To learn more about Westpac’s policy, see our latest analysis.
- Ruled out most new and expanded fossil fuel projects: Westpac now has the most project finance restrictions of the big four Australian banks and won’t directly fund new or expanded oil and gas fields or the infrastructure that unlocks it like pipelines and LNG plants. It also won’t finance new metallurgical coal mines.
- Credible transition plans required for oil and gas finance from October 2025: An oil and gas company will need to have a credible, 1.5°C-aligned transition plan that covers scope 1, 2 and 3 emissions in order for Westpac to continue providing finance (including facilitating bonds). Westpac is the only one of the big four to have a 1.5°C requirement for company transition plans.
- Early exit from thermal coal: Westpac announced it won’t be lending to or arranging finance for any thermal coal mining companies (>15% of revenue from thermal coal) effective immediately. They will also be completely out of these types of companies by 30 September 2025.
- Pushed back their deadline for transition plans: Westpac pushed back its deadline for requiring transition plans from fossil fuel companies by a full nine months to October 2025, giving the bank even more time to fund climate wrecking companies and projects.
- Transition plan requirements not applied to all fossil fuel companies: Westpac only requires oil and gas companies to have transition plans by October 2025 for new finance, leaving metallurgical coal miners and power generators without scrutiny.
Where to from here?
The updates we’ve received from the banks mostly revolve around a point in the future – 2025.

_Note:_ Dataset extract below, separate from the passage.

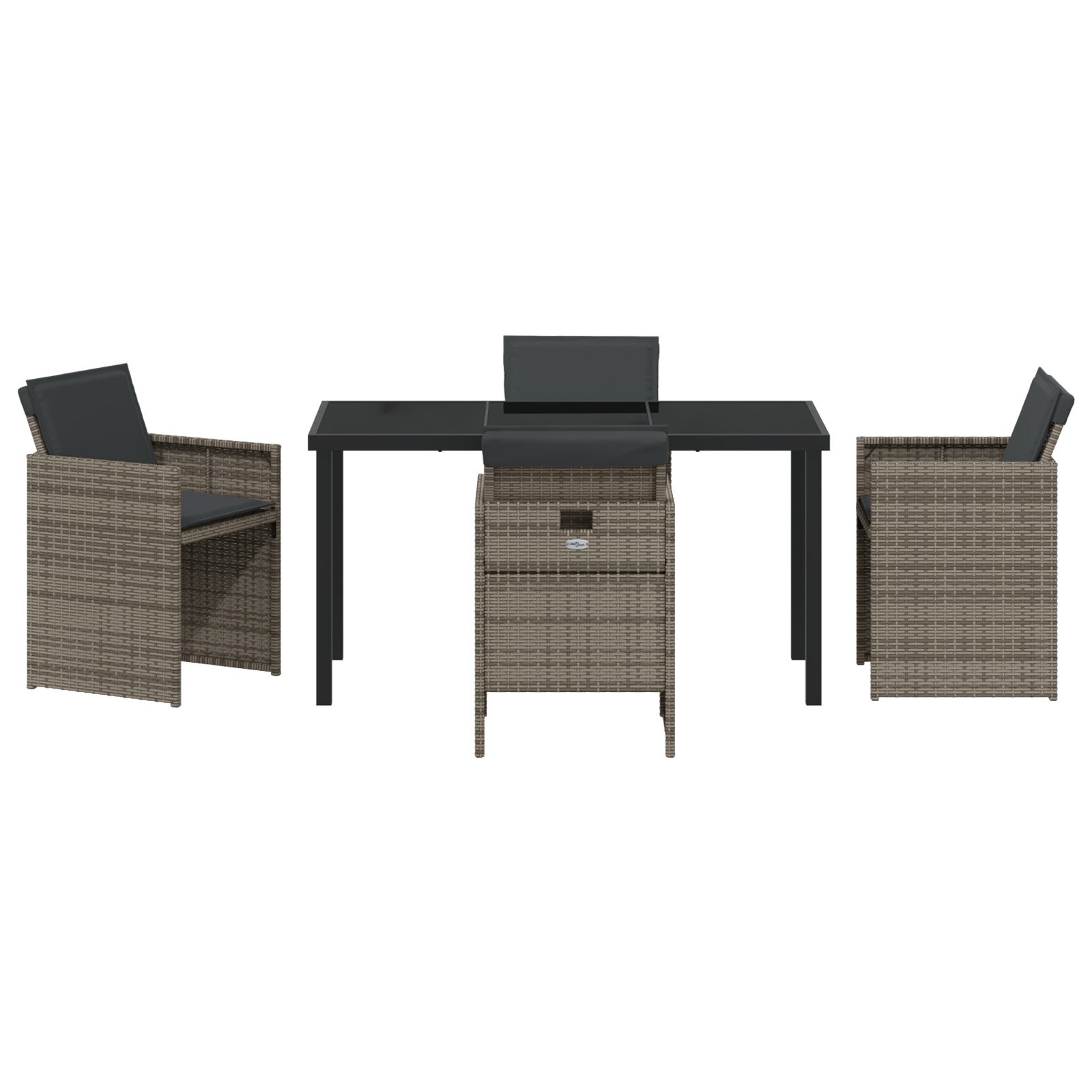 Set de Masă de Grădină cu Perne Gri Poliratan, Masă de Grădină Neagră 140x80x73 cm Sticlă Securizată GartenMobel Dekor

CommBank and Westpac have both announced project finance restrictions that further limit what they can finance from today. But on corporate finance and bonds, it’s more or less business as usual for the next two years.
NAB and ANZ remain clear laggards. ANZ announced a new oil and gas target that will see it reduce exposure faster, but it is nothing short of pathetic that its transition plan expectations won’t even require fossil fuel companies to reduce emissions from the burning of their own fossil fuel products.
NAB has got a likely exit date from lending to climate-wrecking companies, but even their transition plan expectations don’t include a clear temperature requirement. Neither ANZ or NAB have any restrictions on bonds, which are becoming a more critical source of finance for the fossil fuel industry.
Since Market Forces was started ten years ago, we’ve been campaigning to get banks and other financial institutions to use our money to protect the environment, not damage it. In that decade our community backed campaigns have had some major wins, but the door’s still wide open for the banks to keep funnelling billions to new climate wrecking fossil fuel projects for nearly two more years, and even beyond. With the world’s carbon budget rapidly dwindling, this door needs to be shut immediately if the banks are to live up to their climate commitments.